The number of tasks that a larger task can be broken into depends on the number of cores contained on a particular piece of hardware. Cores are the units that actually do the computation within a given processor, and CPUs typically have four, eight, or sixteen cores while GPUs have potentially thousands.

![](https://www.datascience.com/hs-fs/hubfs/gpu2.png?width=600&name=gpu2.png)

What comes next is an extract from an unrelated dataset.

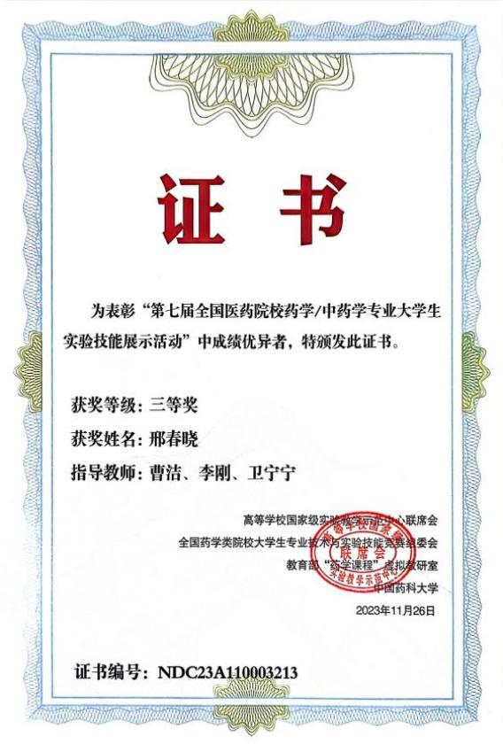 2023年11月24日-26日,由教育部高等学校国家级实验教学示范中心联席会、全国药学类院校大学生专业技术与实验技能竞赛组委会、教育部“药学课程”虚拟教研室和中国药科大学共同举办的“第七届全国医药院校药学/中药学专业大学生实验技能展示活动”在贵州遵义召开,本次大赛由遵义医科大学承办。经过激烈的角逐,台湾a片

Neural Networks are [embarrassingly parallel](https://en.wikipedia.org/wiki/Embarrassingly_parallel) - so it can be broken up into smaller independent tasks that can be computed independently by the GPU cores.

Neural Network model training is composed of simple matrix math calculations, the speed of which can be greatly enhanced if the computations can be carried out in parallel.


- [http://deeplizard.com/learn/video/6stDhEA0wFQ](http://deeplizard.com/learn/video/6stDhEA0wFQ)
- [https://www.datascience.com/blog/cpu-gpu-machine-learning](https://www.datascience.com/blog/cpu-gpu-machine-learning)
- [https://en.wikipedia.org/wiki/Embarrassingly_parallel](https://en.wikipedia.org/wiki/Embarrassingly_parallel)




__2.__ What is the biggest limiting factor for training large models with current generation GPUs?

However, given the size of your model and the size of your batches, you can actually calculate how much GPU memory you need for training without actually running it. For example, training AlexNet with batch size of 128 requires 1.1GB of global memory, and that is just 5 convolutional layers plus 2 fully-connected layers. If we look at a bigger model, say VGG-16, using a batch size of 128 will require about 14GB of global memory. The current state-of-the-art NVIDIA Titan X has a memory capacity of 12GB . VGG-16 has only 16 convolutional layers and 3 fully-connected layers, and is much smaller than the resnet model which could contain about one hundred layers.

Now, if you want to train a model larger than VGG-16, you might have several options to solve the memory limit problem.
– reduce your batch size, which might hinder both your training speed and accuracy.
– distribute your model among multiple GPU(s), which is a complicated process in itself.
– reduce your model size, if you find yourself unwilling to do the aforementioned options , or you have already tried these options but they’re not good.